Vector Bundles Over a Manifold Show that if a manifold $M$ is contractible, then every vector bundle over $M$ is equivalent to the trivial bundle.
Got this as homework but I'm kind of lost in the hole vector bundle subject, so if anyone could give some hints to this one as well as to understanding the subject, it would be highly appreciated.
 A: Show that if $f,g:X\to Y$ are two maps between manifolds which are homotopic, and if $E$ is a vector bundle on $Y$, then $f^{-1}(E)$ and $g^{-1}(E)$ are isomorphic vector bundles on $X$. (You don't really need that both $X$ and $Y$ be manifolds: you can get by if they are just spaces and $X$ is paracompact...)
(You should really provide information about your background, otherwise it is more or less impossible to come up with a useful answer, you see!)
A: Here are a couple of things that I found helpful when thinking about vector bundles:


*

*Over nice spaces they they can be classified up to isomorphism. So by nice here we mean compact manifold, or CW complex. The idea is that every finite dimensional vector bundle $\xi: E \to X$ is isomorphic to the pull back of the universal bundle $EG \to BG$ where $G$ is some particular structure group. (for $\xi$ a real $n$ dimensional bundle $G=GL_n(\mathbb{R})$, note though that $O(n)$ is homotopy equivalent to $GL_n(\mathbb{R})$). You can learn a lot about a vector bundle by examining the map that classifies it. For example, $\xi: E \to X$ is orientable if and only if the map that classifies it can be lifted over the fibration $BSL_n(\mathbb{R}) \to BGL_n(\mathbb{R})$.

*Vector bundles are really nicely behaved families of vector spaces over $X$. We usually use them to keep track of some important data about $X$. In fact, most operations on vector spaces extend to operations on vector bundles over $X$. Things such as tensor products, direct sums, exterior and symmetric powers pop up all the time.

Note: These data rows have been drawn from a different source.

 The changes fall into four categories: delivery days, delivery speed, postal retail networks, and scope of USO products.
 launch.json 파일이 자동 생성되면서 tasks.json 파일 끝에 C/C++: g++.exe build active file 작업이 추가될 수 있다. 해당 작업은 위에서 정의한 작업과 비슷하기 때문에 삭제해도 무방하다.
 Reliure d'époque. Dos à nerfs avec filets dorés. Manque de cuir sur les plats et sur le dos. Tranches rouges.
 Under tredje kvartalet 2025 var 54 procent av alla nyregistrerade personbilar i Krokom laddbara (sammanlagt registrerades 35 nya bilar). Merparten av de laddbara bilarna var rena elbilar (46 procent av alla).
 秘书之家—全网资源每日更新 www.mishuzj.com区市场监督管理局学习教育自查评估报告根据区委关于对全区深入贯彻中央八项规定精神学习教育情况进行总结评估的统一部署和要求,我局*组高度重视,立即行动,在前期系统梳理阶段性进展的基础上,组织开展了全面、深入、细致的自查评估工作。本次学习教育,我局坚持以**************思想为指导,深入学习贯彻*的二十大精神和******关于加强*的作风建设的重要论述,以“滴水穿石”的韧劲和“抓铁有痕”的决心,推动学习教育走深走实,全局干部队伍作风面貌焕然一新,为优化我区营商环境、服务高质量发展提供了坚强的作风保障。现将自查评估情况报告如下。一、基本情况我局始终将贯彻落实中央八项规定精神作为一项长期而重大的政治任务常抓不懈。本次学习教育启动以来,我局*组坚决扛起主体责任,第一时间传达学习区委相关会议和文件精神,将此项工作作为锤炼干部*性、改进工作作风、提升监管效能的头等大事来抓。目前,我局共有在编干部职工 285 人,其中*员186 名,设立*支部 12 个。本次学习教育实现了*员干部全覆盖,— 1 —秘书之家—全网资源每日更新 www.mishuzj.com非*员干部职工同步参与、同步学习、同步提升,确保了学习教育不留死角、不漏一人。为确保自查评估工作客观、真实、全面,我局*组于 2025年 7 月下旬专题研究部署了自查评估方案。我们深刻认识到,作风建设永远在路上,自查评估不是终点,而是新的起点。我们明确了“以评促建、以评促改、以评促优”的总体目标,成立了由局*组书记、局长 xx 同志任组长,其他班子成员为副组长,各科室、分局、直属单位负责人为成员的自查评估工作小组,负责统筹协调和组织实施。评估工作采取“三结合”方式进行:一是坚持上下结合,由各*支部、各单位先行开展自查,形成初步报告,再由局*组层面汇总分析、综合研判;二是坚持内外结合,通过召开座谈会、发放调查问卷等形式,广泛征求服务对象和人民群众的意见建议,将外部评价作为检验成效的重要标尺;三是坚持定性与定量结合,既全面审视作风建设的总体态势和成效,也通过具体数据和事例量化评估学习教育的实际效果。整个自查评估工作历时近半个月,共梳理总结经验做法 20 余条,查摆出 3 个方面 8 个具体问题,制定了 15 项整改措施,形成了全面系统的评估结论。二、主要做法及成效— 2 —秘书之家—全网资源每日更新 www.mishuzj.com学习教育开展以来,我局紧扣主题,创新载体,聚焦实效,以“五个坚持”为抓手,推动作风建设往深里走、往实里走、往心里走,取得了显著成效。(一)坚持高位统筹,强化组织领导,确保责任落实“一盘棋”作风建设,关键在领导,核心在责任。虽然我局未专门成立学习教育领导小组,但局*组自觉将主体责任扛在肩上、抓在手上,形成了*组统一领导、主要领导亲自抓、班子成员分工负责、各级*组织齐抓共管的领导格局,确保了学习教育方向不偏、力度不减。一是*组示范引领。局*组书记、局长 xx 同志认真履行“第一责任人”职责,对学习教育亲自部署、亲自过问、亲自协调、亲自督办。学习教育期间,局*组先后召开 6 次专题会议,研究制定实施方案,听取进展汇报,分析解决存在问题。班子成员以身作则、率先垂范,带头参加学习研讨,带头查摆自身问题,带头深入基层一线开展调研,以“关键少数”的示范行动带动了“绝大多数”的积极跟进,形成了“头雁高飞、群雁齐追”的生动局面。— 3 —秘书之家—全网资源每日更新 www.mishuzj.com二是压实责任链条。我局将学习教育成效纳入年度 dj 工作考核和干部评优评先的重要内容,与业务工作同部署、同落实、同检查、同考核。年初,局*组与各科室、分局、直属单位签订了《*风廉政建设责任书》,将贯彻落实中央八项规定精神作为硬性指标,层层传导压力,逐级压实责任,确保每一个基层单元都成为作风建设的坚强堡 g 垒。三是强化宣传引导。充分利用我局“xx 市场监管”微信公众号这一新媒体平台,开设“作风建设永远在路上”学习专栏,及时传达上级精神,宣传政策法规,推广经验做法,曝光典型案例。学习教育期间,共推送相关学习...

*Surprisingly enough every vector bundle $\xi: E \to X$ is a homotopy equivalence since the fibers are contractible. It seems like this makes vector bundles sort of silly, but it illustrates that they are inherently geometric objects. While we use them for certain constructions in homotopy theory, they are really about the geometry of the base space. That being said, homotopy theory can say a lot about vector bundles, consider Chern-Weil Theory which relates cohomology classes (a gadget that can only see homotopy theory) to things like curvature.
A big help for learning about bundles for me was thinking about them like objects, like when you think about a manifold you want to think about the manifold not its parametrizations.
Mariano's answer is dead on, I am just adding some helpful facts. Let me know if you want me to clarify something.
A: This may be a repetition of what Mariano and Sean were suggesting: you will most likely
   ultimately need to either: produce a bundle morphism between your bundle and
   the trivial bundle, or produce a global trivialization of your top space.